UST Puts Profits Ahead of Public Health in Seeking to Claim that Smokeless Tobacco Products are Safer than Cigarettes
Statement of Matthew L. Myers, President, Campaign for Tobacco-Free Kids
February 06, 2002
Washington, DC — In the guise of claiming that it wants to reduce the harm caused by tobacco use, UST Inc. has embarked on a strategy that risks achieving the opposite result by addicting a new generation of smokeless tobacco users. UST, the nation's largest smokeless tobacco company, has asked the Federal Trade Commission (FTC) to issue an advisory opinion that would allow the company to advertise its smokeless tobacco products as less hazardous than cigarettes. There are two particular causes of concern. UST made similar claims about its products 20 years ago and the result was a marketing campaign that generated millions of new tobacco users – mostly kids – not fewer tobacco deaths. And the FTC lacks the necessary authority over UST's products and how they are marketed to prevent history from repeating itself.
UST's own filing offers the best reason for the FTC to deny its request. Despite the conclusions of Congress, the U.S. Surgeon General and numerous scientific studies that smokeless tobacco products cause serious diseases, including cancer, UST's filing argues that 'smokeless tobacco has not been shown to be the cause of any human disease.' A tobacco company that continues to deny the harm caused by its products should not be allowed to make health claims about them. This is not the first time that UST has engaged in such deception or sought to market its products as a safer alternatives. Twenty years ago, the smokeless tobacco industry was in decline. Then UST and other companies introduced a new set of products that were marketed as cool and less dangerous than cigarettes. UST used the slogan 'A Pouch Instead of a Puff.' The result was not fewer smokers, but more kids addicted to smokeless tobacco products. If the FTC grants UST's request, history will repeat itself, and the benefits again will be to the company's market share and bottom line, not the public health.
This debate is not about whether tobacco companies should be encouraged to reduce the harm caused by their products. They should be. The real issue is whether these products will be developed and marketed in a regulatory environment that puts protection of the public health first. Unfortunately effective tobacco regulation does not exist today. Due to a lawsuit brought by UST and the other tobacco companies, the U.S. Food and Drug Administration (FDA), the right agency for the job, does not have jurisdiction over tobacco products. Due to the lobbying of UST and the other tobacco companies, Congress has refused to grant the FDA effective authority over the manufacturing, marketing and sale of tobacco products. If UST were serious about reducing the harm caused by tobacco use, it would join the public health community in urging Congress to pass the real FDA legislation that has been introduced in both the House and the Senate (H.R. 1097 and S. 247). UST has failed to do so.
Instead, UST chose to approach the FTC, an agency that it knows lacks the scientific expertise or the public health mandate to achieve the goal of reducing the death and disease caused by tobacco use. The FTC, for example, lacks the authority to ensure that tobacco products labeled as reduced risk are not marketed to deter smokers from quitting or to entice new tobacco users to start. The FTC also could not restrict themes, images and statements in advertising even if their primary appeal is to children. It could not restrict the placement of these ads in venues effective at reaching kids, including in youth-oriented magazines such as Rolling Stone and Sports Illustrated where UST irresponsibly continues to advertise. UST's Rooster brand, for example, has been running ads in Rolling Stone and other magazines with the slogan 'Cock-a-doodle freakin' do.' The FTC would have no authority to curtail this kind of advertising, and UST would be free to make its product even more enticing to customers – whether they are adults or teenage boys playing baseball – by adding a new tag line that the product poses an acceptable risk.

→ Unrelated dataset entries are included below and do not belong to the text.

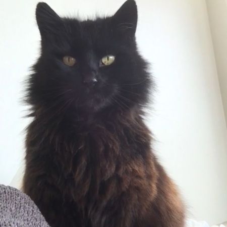 He is a domestic long hair, black but due to age is quite ginger on his backside. He is deaf but can distinguish a high pitch whistle.
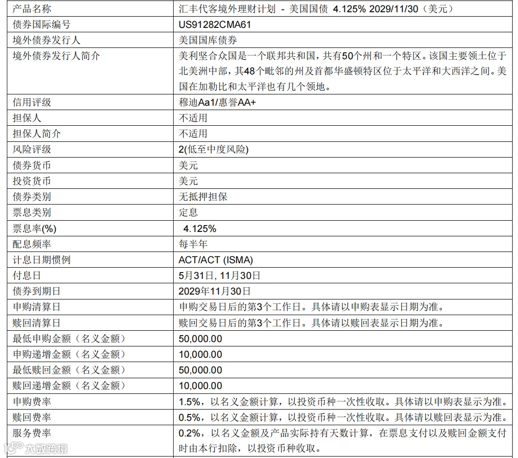 以某款美国国债产品为例:期限至2029年11月30日,票息率4.125%,起投金额5万美元,申购费1.5%,赎回费0.5%,服务费0.2%。扣除各项费用后,预估年化收益率仍在3%以上。
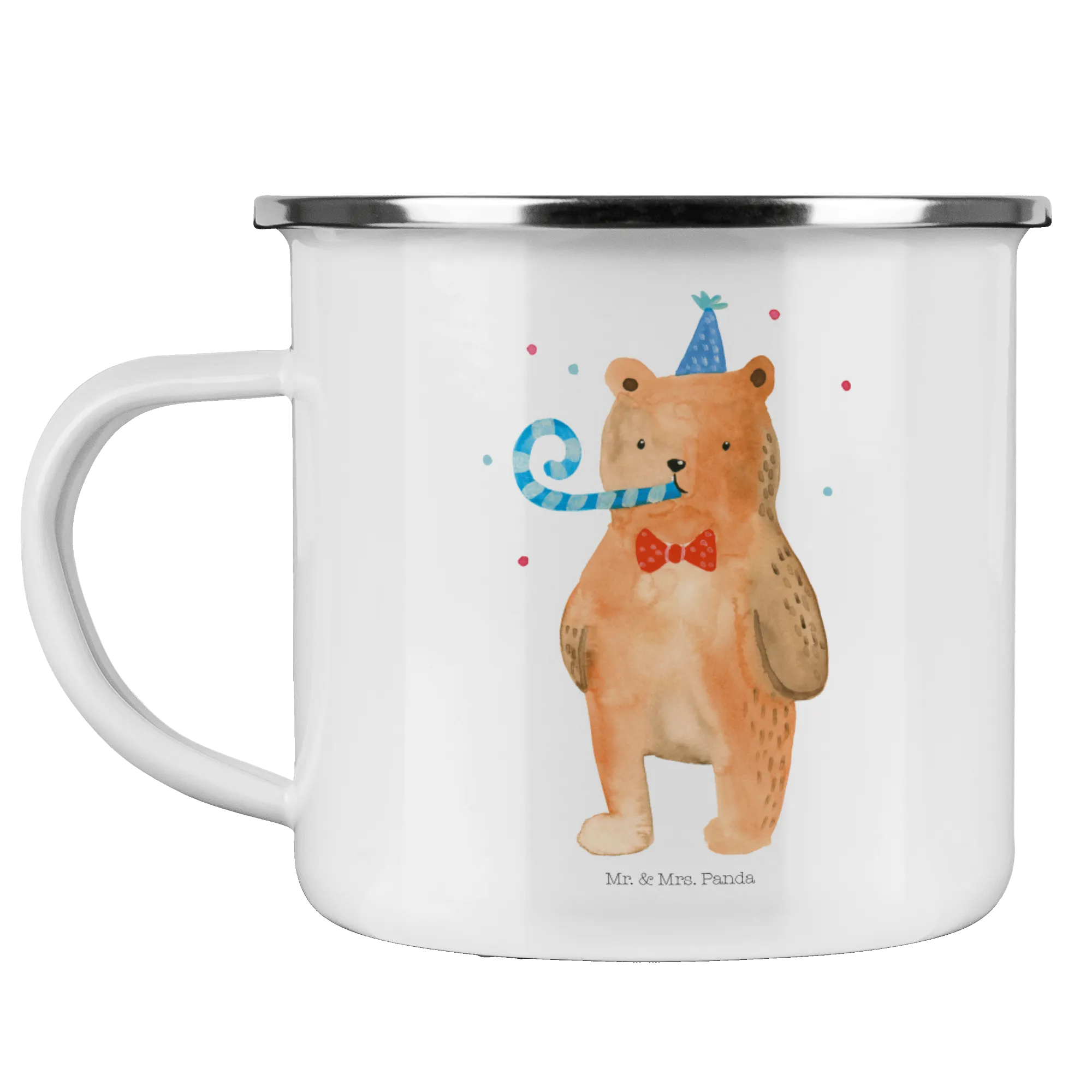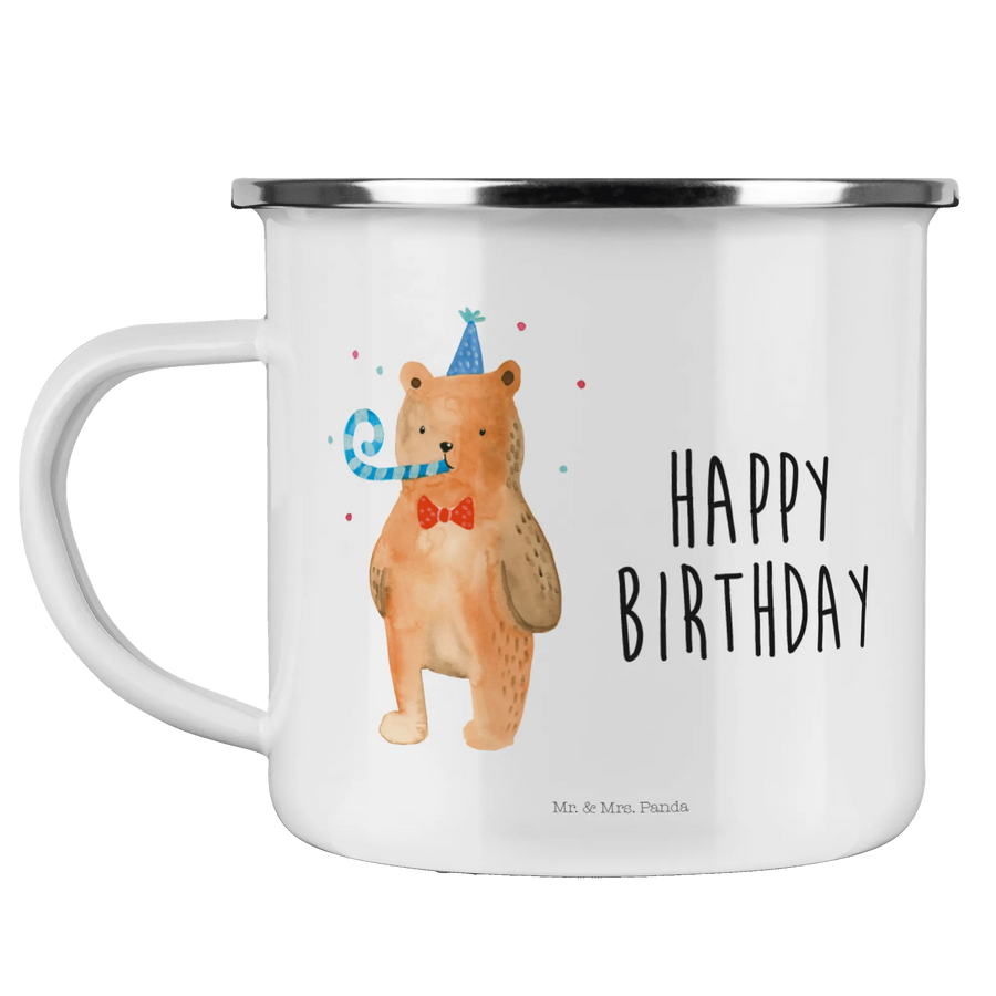 Kempingowy kubek emaliowany Niedźwiedź urodziny - z napisem - Biały

It is especially disturbing that UST's request denies that smokeless tobacco products causes disease given its recent admission, under threat of legal sanction, that they do cause harm. In April 1999, a spokesperson for UST, quoted in the Providence Journal, claimed that 'smokeless tobacco has not been scientifically established to be a cause of oral cancer.' The Rhode Island Attorney General subsequently filed a legal action against UST for violating provisions of the 1998 state tobacco settlement (Master Settlement Agreement) prohibiting false statements about the health effects of tobacco products. As a result, UST was required to acknowledge that 'the Surgeon General and other public health authorities have concluded that the use of smokeless tobacco can cause oral cancer and is addictive.' The company also agreed to pay $15,000 to the Rhode Island Attorney General's office to help fund tobacco prevention programs. UST's continued deception about the harm caused by its products is powerful evidence that it is not acting responsibly and its request to the FTC for an advisory opinion should be denied.